Copy the records below exactly, but leave out any picture they contain.

_Record extracts_:
╔══
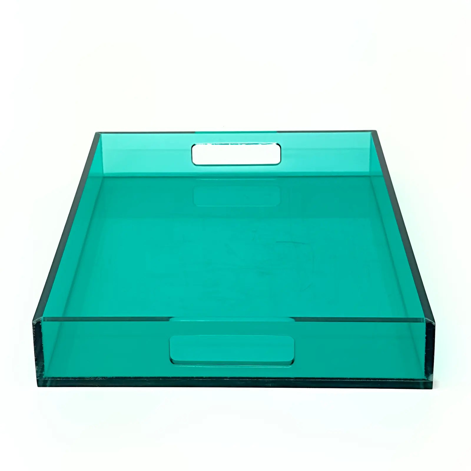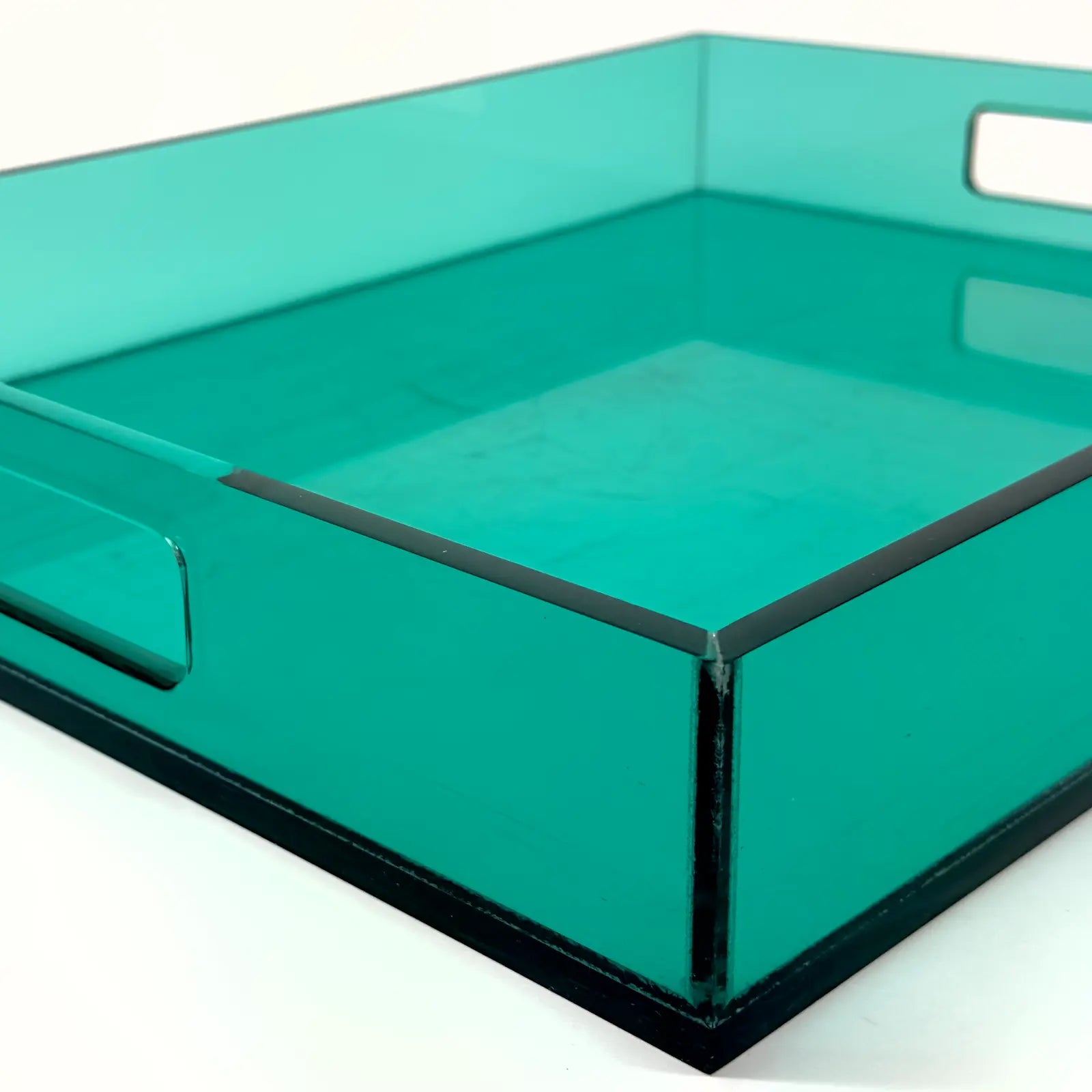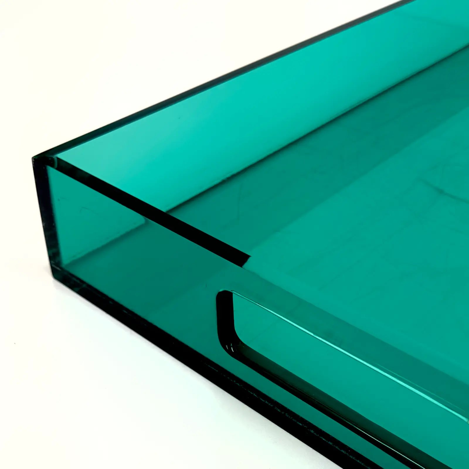 This is a stunning oversized mid-century jade-green transparent thick lucite rectangular tray with handles. A rare statement piece.
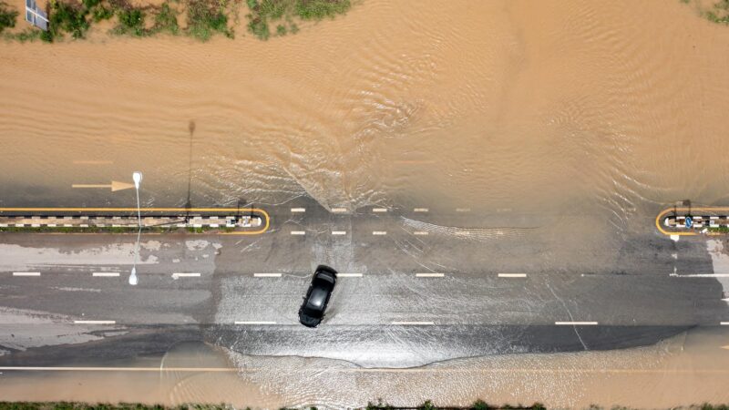 Aerial top view of Flooded the village and Country road with car, View from above shot by drone
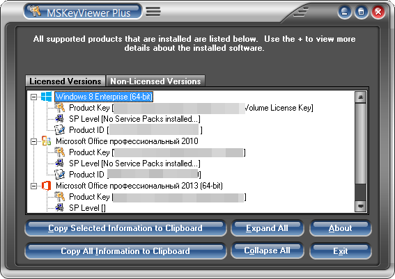 MSKeyViewer Plus v2.5.0 — это компактная и эффективная утилита, позволяющая просматривать лицензионные ключи программных продуктов, установленные пакеты обновлений, идентификаторы приложений и выявлять нелицензионные копии программ в системе. Инструмент функционирует в портативном режиме, не требует установки и совместим с различными версиями операционных систем и офисных пакетов. С его помощью можно быстро получить доступ к важной информации о лицензировании и конфигурации установленного программного обеспечения.
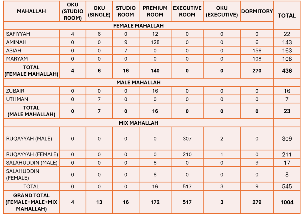 - Mahallah accommodation is primarily provided to Undergraduate and Postgraduate students, subject to IIUM policies and room availability.
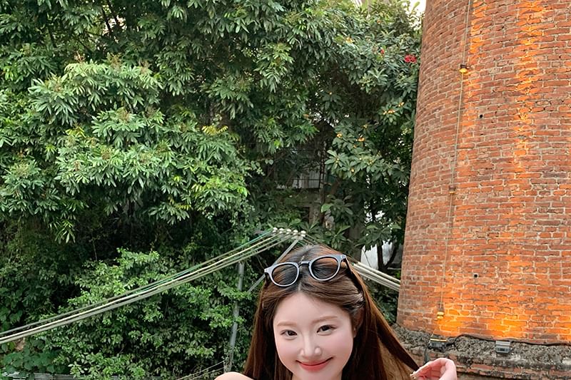 Plain Halter Top / Puff-Sleeve Bow Open Back Peplum Blouse
╚══
_Answer space_:
 This is a stunning oversized mid-century jade-green transparent thick lucite rectangular tray with handles. A rare statement piece.
 Aerial top view of Flooded the village and Country road with car, View from above shot by drone
 MSKeyViewer Plus v2.5.0 — это компактная и эффективная утилита, позволяющая просматривать лицензионные ключи программных продуктов, установленные пакеты обновлений, идентификаторы приложений и выявлять нелицензионные копии программ в системе. Инструмент функционирует в портативном режиме, не требует установки и совместим с различными версиями операционных систем и офисных пакетов. С его помощью можно быстро получить доступ к важной информации о лицензировании и конфигурации установленного программного обеспечения.
 - Mahallah accommodation is primarily provided to Undergraduate and Postgraduate students, subject to IIUM policies and room availability.
 Plain Halter Top / Puff-Sleeve Bow Open Back Peplum Blouse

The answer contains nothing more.